Exchange Place: How A Small Struggling School Transformed Civil Rights in New Orleans and the Nation
Season 1, Episode 7: Economic Apartheid

JUNE 16, 2023 | THE 431 EXCHANGE; MYA CARTER (HOST); KEVIN GULLAGE (MUSIC)


TRANSCRIPT:

[Dear Audience, this transcript corresponds exactly to the Youtube Podcast version that has a slightly different structure for the opening three minutes. Therefore, while the words correspond perfectly the timecode is off by 30 seconds or so. Thank you for your understanding.]

[00:00:00] Mya Carter: While Geoffray described the summer of 1965 as the beginning of the most incredible period of her life, Gibbons and Adult Education Center graduates like Lorraine Washington didn't share the same nostalgia when they reminisced decades later. Thirty-four people died in the Watts riots and it took 14,000 members of the California Army National Guard to quell it. Closer to New Orleans, on [00:00:30] July 4th, the KKK demonstrated in front of the governor's mansion following a rally on the steps of the state capitol. Klansmen were fighting to maintain White control over jobs in a Bogalusa paper mill despite newly passed job discrimination laws. People who had power perceived they were losing their grip on power, and they were not going to do so without a fight.

The 431 Exchange [00:01:00] presents Exchange Place: How A Small Struggling School Transformed Civil Rights In New Orleans and the Nation. Exchange Place is the story of a school whose mission was to train mostly African American women the skills they needed to integrate the secretarial offices of the Deep South between 1965 and '72. Those offices were not just segregated, for the most part they were completely off limits to women of color and many were [00:01:30] fighting to ensure the workplace would stay that way for years or decades to come. The first season of the podcast tells the inspirational biographies ofthe school's graduates who changed the moral skyline of their city, how they did it, and how the school's teachers and supporters struggled to overcome the massive forces arrayed against them.

Episode 7, Part 1, Economic Apartheid

In the summer of [00:02:00] 1965, women like Lorraine Washington were continuing to suffer from the economic apartheid that had been in place since the end of reconstruction. Pervasive job discrimination made a mockery of new civil rights laws that had been passed with fanfare. The Adult Education Center’s mission was to be on the vanguard of desegregation in the workplace, but change was not inevitable. The White businessmen of New Orleans were inclined to avoid hiring African [00:02:30] American women even though laws and a degree of public sentiment seemed in favor of doing so. Some considered it. But who would go first? What employer was going to risk hurting his business by having a Black employee as a front-office receptionist or a secretary? Many said they would do so when they “finally” found someone who could meet their qualifications. The speech patterns of candidates was a common excuse. Yet over the phone, future Center student Dorothy Payton's speech pattern was indistinguishable [00:03:00] from those of a White candidate, but the managers of the drugstore she applied to still rejected her once they met her and saw Payton was Black.

When Gibbons began writing the MDTA proposal, he knew he would need to convince the federal government that there was a definitive need for well-trained secretaries in New Orleans. Gibbons knew that the grant evaluators would only approve a test case if it had the very least probability of failure. [00:03:30] Gibbons concluded that there would be no problem making such a statement. New Orleans had a firm industrial base, and hundreds of jobs in offices went unfilled each year because there were not enough highly trained or adequately prepared clerks, stenographers, and secretaries to fill them.
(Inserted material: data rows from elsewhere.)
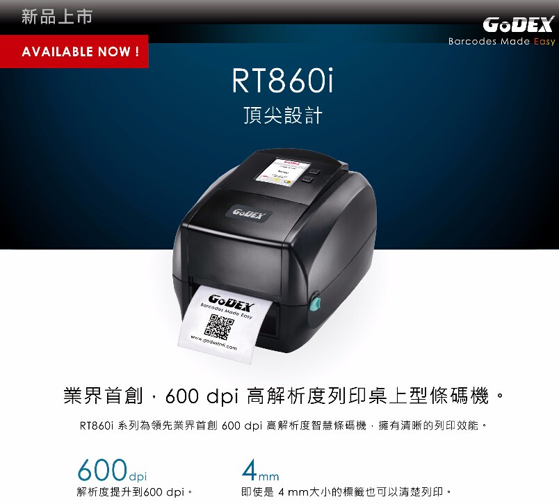 邦越條碼銷售科誠新款RT860i桌上型條碼機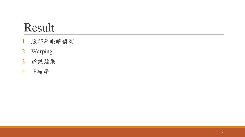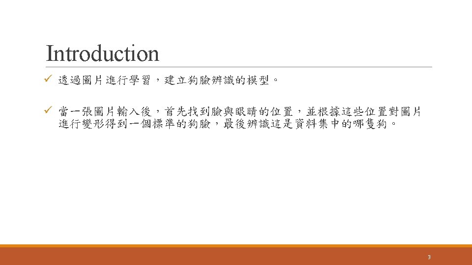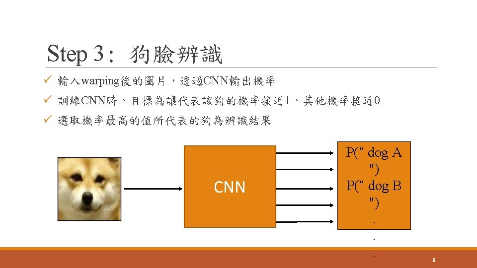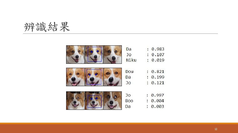 Outline Introduction Data Method Result Demo Conclusion 2 Slides: 15 Download presentation Outline ü Introduction ü Data ü Method ü Result ü Demo ü Conclusion 2 Data ü 從Facebook粉絲團截取圖片,8隻狗各40張圖片,共 320張 ü 手動標記臉部與眼睛位置 ü 每隻狗 30張圖片用於模型訓練,10張用於計算正確率 https: //www. facebook. com/Boo/ https: //www. facebook. com/taiwanlianhuanpao/ https: //www. facebook. com/niku 790305/ https: //www. facebook. com/Nanavsmedia/ 臉部與眼睛位置標註 https: //www. facebook. com/itsdougthepug/ https: //www. facebook. com/shiba. QJiang/ 4 Step 2: Warping ü 截取出臉的部分並warping到一個256*256標準臉的圖片 截取、warping 7 Warping 截取、warping 11 Demo ü 程式語言: Python ü 函式庫: Open. CV、Keras ü 開發環境: Jupyter notebook 14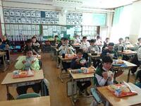 1年生が、音楽の授業で鍵盤ハーモニカを演奏していました。今日は「きらきらぼし」の「ソソファファミミレ-」を吹いてみました。みんな上手に吹けました。

Another excuse many employers gave for not hiring Blacks was that there were no qualified candidates whose education had prepared them for the job. [00:04:00] But prejudice extended to New Orleans’s business schools. Even in a theoretically "color blind" job market, Blacks, worse educated and worse trained than whites, would find it difficult to compete. Harvey Britton's experience trying to find secretarial help for the NAACP office in New Orleans exemplified the problem: "most applicants lacked basic skills," he complained; "those hired proved to be poor [00:04:30] workers."
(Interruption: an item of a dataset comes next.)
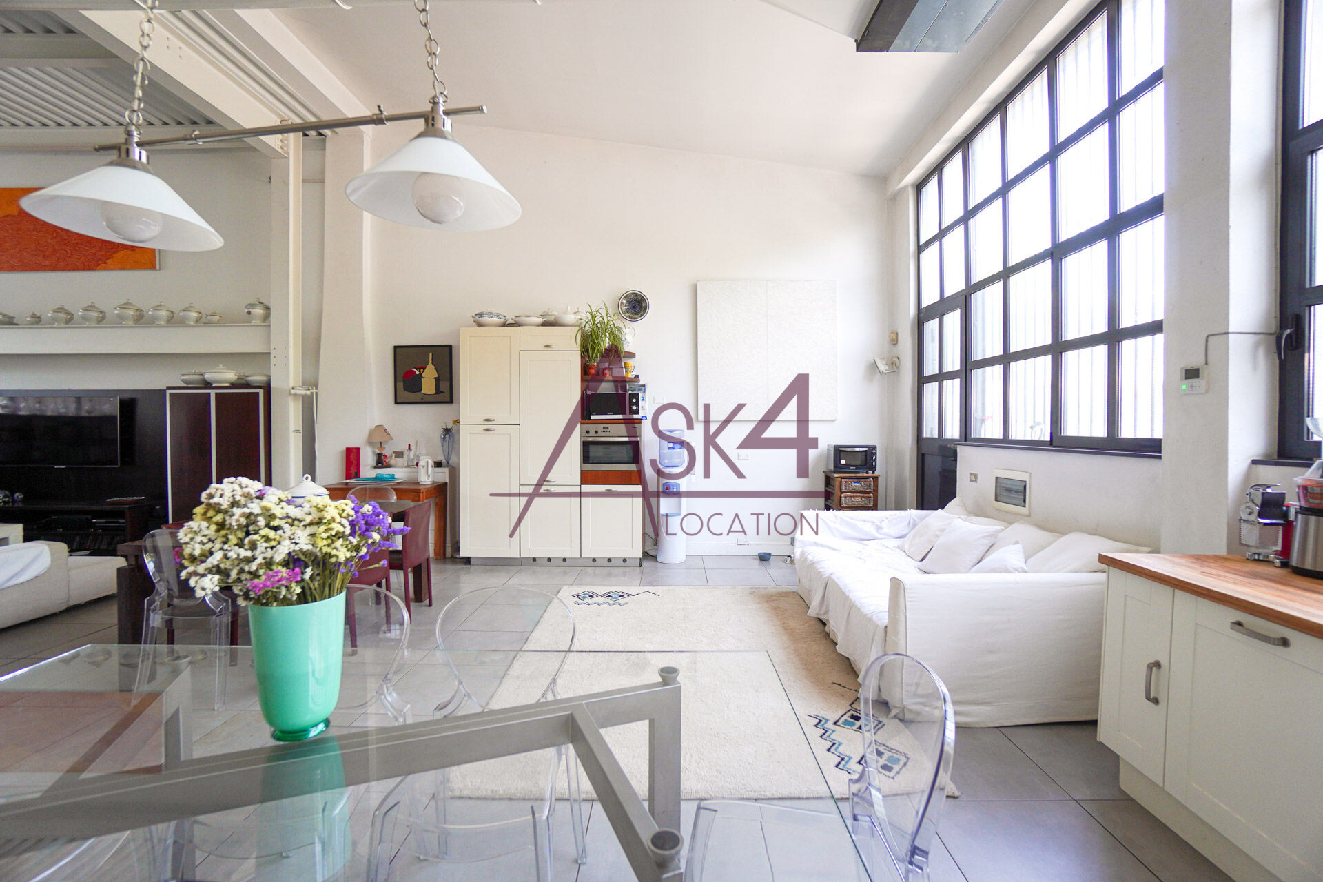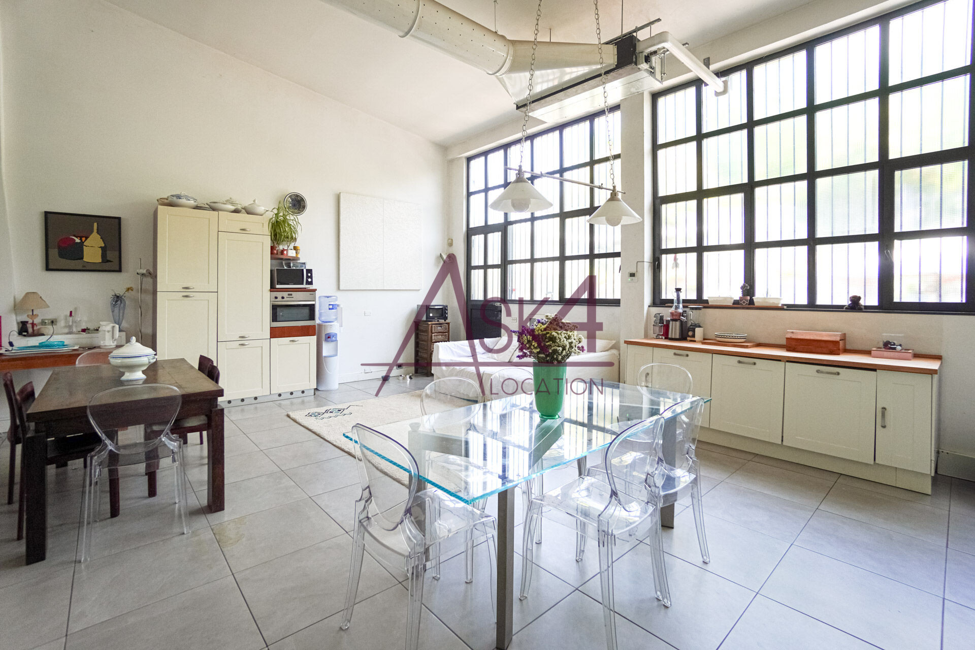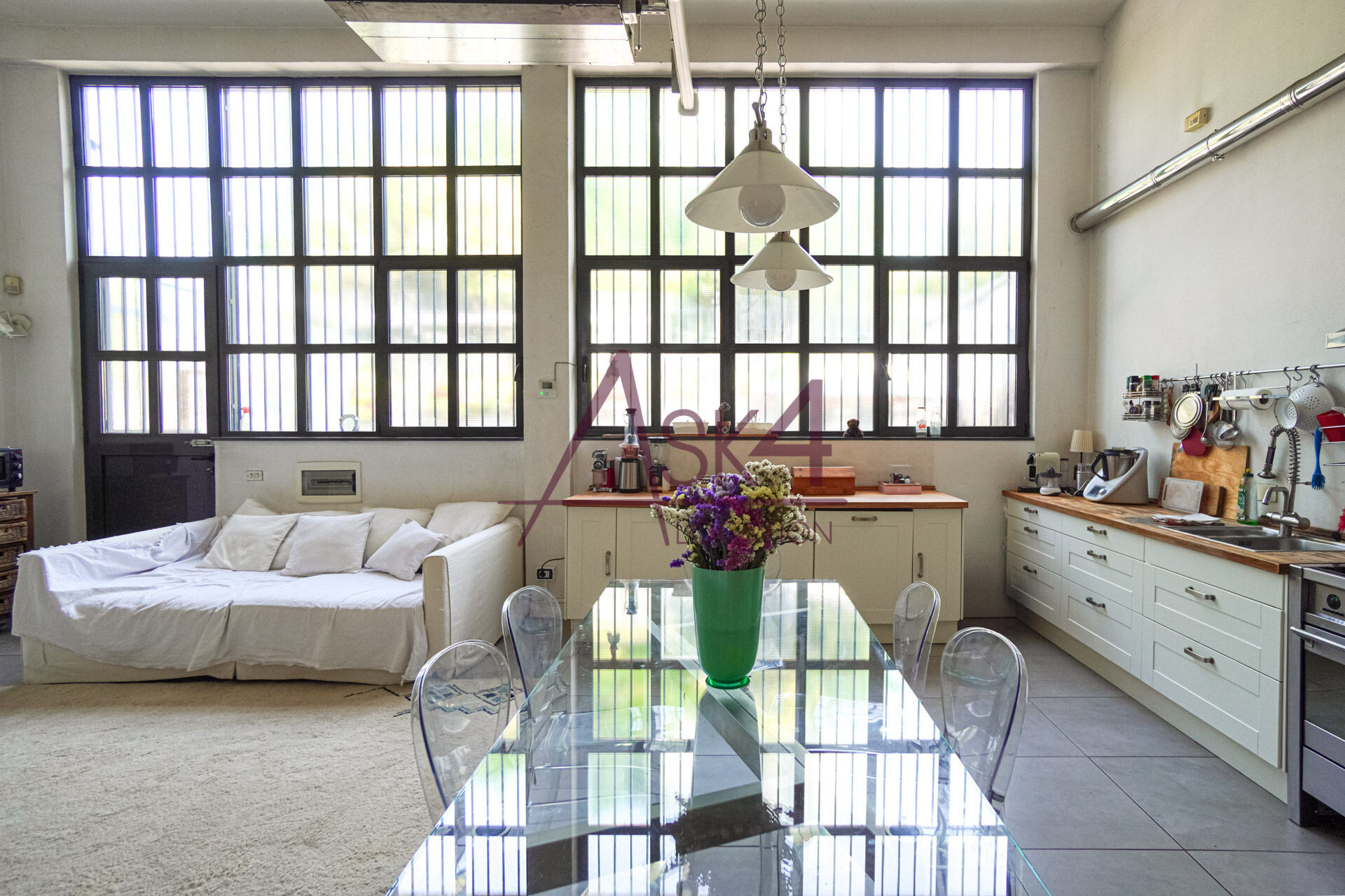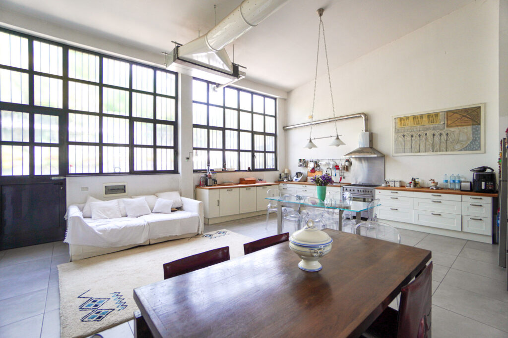 Il loft dispone anche di un angolo cucina con tavolo in vetro e sedute trasparenti, perfetto per shooting food o ambientazioni lifestyle, oltre a una zona living con divani chiari e arredi in legno scuro che aggiungono profondità e texture alle inquadrature.

In his proposal, Gibbons went a step further to justify the need for the school. He looked into the status of educational opportunities for women in these fields. He quickly found, and Geoffray could confirm, that Black women were being inadequately prepared in the public schools. Furthermore, admission to the top-notch business schools, where employers traditionally interviewed for secretaries, was not available to them. Here, [00:05:00] too, speech patterns were found to be a hindrance. One summer afternoon, Gibbons impersonated an African-American male and made phone calls to every accredited business school in the Greater New Orleans area seeking enrollment in their fall program. Gibbons used just a few colloquial markers based on the research of his speech therapists to affect a dialect shift that would hint he was from a Black or poor White neighborhood. Gibbons was either [00:05:30] rejected immediately, "registration is closed," or given the runaround about why "enrollment isn't possible at this time." He did not receive one invitation to discuss enrollment or one offer that gave him any hope of admission. No one wanted to see his transcripts or discuss his high school records.
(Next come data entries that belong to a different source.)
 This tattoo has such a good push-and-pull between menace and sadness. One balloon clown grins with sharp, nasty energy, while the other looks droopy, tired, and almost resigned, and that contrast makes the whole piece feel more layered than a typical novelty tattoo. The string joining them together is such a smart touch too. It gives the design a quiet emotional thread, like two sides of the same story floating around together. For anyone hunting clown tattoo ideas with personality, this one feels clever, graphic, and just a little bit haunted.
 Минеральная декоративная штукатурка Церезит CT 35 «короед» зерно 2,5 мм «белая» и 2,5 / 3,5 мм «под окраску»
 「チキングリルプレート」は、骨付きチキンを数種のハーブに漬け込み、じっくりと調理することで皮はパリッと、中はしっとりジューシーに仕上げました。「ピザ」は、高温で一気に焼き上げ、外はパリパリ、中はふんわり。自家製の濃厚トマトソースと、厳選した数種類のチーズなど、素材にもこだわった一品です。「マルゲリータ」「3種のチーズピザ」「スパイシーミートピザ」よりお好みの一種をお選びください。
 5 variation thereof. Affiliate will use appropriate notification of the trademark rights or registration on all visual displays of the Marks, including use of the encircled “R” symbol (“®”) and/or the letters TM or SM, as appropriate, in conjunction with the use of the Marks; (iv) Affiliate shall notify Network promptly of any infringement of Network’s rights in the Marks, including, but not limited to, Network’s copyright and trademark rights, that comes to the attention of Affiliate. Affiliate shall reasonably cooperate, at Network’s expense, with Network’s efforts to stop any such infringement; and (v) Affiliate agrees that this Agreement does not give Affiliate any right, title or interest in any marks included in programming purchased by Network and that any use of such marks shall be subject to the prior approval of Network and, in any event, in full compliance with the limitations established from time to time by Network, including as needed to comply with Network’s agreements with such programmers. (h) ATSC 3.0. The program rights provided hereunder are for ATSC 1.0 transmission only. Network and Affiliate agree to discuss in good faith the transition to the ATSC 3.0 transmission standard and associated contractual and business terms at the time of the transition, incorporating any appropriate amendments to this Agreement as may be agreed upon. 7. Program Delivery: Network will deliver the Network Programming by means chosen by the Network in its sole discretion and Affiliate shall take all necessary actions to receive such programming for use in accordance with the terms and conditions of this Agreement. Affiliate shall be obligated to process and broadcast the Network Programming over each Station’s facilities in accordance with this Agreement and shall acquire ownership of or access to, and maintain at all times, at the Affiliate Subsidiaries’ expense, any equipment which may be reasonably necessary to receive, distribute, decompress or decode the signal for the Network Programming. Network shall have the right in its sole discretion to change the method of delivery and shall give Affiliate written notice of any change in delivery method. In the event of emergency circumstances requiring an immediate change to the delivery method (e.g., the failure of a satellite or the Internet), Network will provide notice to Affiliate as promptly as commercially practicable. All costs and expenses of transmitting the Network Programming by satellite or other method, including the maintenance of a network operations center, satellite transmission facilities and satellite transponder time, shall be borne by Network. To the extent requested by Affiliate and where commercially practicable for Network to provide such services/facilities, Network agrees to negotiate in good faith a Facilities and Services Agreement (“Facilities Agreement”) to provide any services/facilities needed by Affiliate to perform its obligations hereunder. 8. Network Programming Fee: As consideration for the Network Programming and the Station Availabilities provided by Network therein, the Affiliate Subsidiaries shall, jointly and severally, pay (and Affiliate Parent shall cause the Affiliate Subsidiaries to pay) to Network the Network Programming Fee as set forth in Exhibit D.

One of Geoffray's colleagues, a White executive secretary, attended the for-profit Soule [00:06:00] Business School around 1965. Soule touted itself as "the oldest and most respected business school in the South." It was established in 1856 by Colonel George Soule, a Confederate officer who was captured at the Battle of Shiloh, one of the bloodiest conflicts of the Civil War. The school was "known to generations of New Orleanians as the preferred doorway to a business career."

Geoffray's colleague [00:06:30] recalled that when she attended Soule around 1965, an entire day of classes was devoted to a presentation by the far-right conservative John Birch Society, for no apparent reason other than to try to indoctrinate and recruit future members. The John Birch Society opposed the 1964 Civil Rights Act among other civil rights measures and federal government intervention in righting the wrongs of the Jim Crow [00:07:00] Society. It has to this day a reputation for peddling in conspiracy theories that undermine American democracy. Given all that, it was hard to imagine the school welcoming any Black student even if one could afford to attend.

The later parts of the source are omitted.